Smeets & Peng winners peculiar Dutch Championship

| 0 | Chess Event Coverage
Dutch Ch 2010By drawing his last round game in four moves (or rather three and a half) Jan Smeets won the 2010 Dutch Championship. Zhaoqin Peng secured her 12th (!) Dutch title already one round before the end. This year's event will mainly be remembered for its many peculiarities.

The Dutch Championship took place June 11-20 in Eindhoven, The Netherlands. The rate of play was 40 moves in 90 minutes followed by 30 minutes to end the game, with 30 seconds increment from move 1. Venue was the High Tech Campus Eindhoven, a technology center at the site of the former ‘NatLab’, the Philips Physics Laboratory.

In the women's section, Zhaoqin Peng won her 12th title, as convincingly as always. In the open section Jan Smeets finished first with a 6.5/9 score, ahead of 2009 champ Anish Giri. With a draw against Van Wely in the last round, Sipke Ernst secured third place.

An important game for Smeets was his victory against friend and colleague Erwin l'Ami in the penultimate round. Smeets also defeated Nijboer, Bok and Reinderman.

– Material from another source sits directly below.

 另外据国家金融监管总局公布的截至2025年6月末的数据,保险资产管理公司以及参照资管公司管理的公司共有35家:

Six times winner Van Wely finished on plus one, but did play an important role by beating Anish Giri in the eighth round.

Dutch Ch 2010

Loek van Wely before the tournament: "I'll do my best to stay ahead of Anish as long as possible"

This year's championship will perhaps mostly be remembered not for the winners, or the games that were played, but for the many peculiarities that had nothing to do with a national championship.

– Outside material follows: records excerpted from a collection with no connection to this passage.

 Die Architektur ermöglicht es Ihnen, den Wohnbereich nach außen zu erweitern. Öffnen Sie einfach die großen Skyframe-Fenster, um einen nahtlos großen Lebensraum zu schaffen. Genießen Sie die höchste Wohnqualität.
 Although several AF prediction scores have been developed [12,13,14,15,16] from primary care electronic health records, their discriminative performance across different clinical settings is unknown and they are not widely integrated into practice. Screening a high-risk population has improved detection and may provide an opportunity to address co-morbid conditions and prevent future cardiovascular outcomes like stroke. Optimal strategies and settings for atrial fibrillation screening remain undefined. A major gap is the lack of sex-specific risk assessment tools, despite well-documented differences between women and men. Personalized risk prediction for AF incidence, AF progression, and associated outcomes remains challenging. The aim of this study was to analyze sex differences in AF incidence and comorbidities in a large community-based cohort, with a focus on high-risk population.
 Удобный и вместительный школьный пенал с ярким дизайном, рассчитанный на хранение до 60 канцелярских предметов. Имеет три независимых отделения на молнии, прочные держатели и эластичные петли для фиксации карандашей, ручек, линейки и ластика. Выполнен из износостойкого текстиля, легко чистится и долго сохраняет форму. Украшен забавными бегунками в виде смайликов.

Firstly, there were the different starting times of the rounds. The games started two hours later on the days when the Dutch national football team played a game in South Africa. It might not seem a big thing, but one cannot deny that the federation implies that football is more important than chess. As Hans Ree yesterday pointed out in his Saturday column in the newspaper NRC Handelsblad, 'many may have this opinion, but not the federation'.

Other examples of peculiar happenings were Loek van Wely being allowed to play a blitz tournament in Germany during the second round, or the experiment to test Van Wely's stress levels during a game. At first we didn't think too much of it, but now that the tournament is over, we're not sure if all this really belongs to a national championship.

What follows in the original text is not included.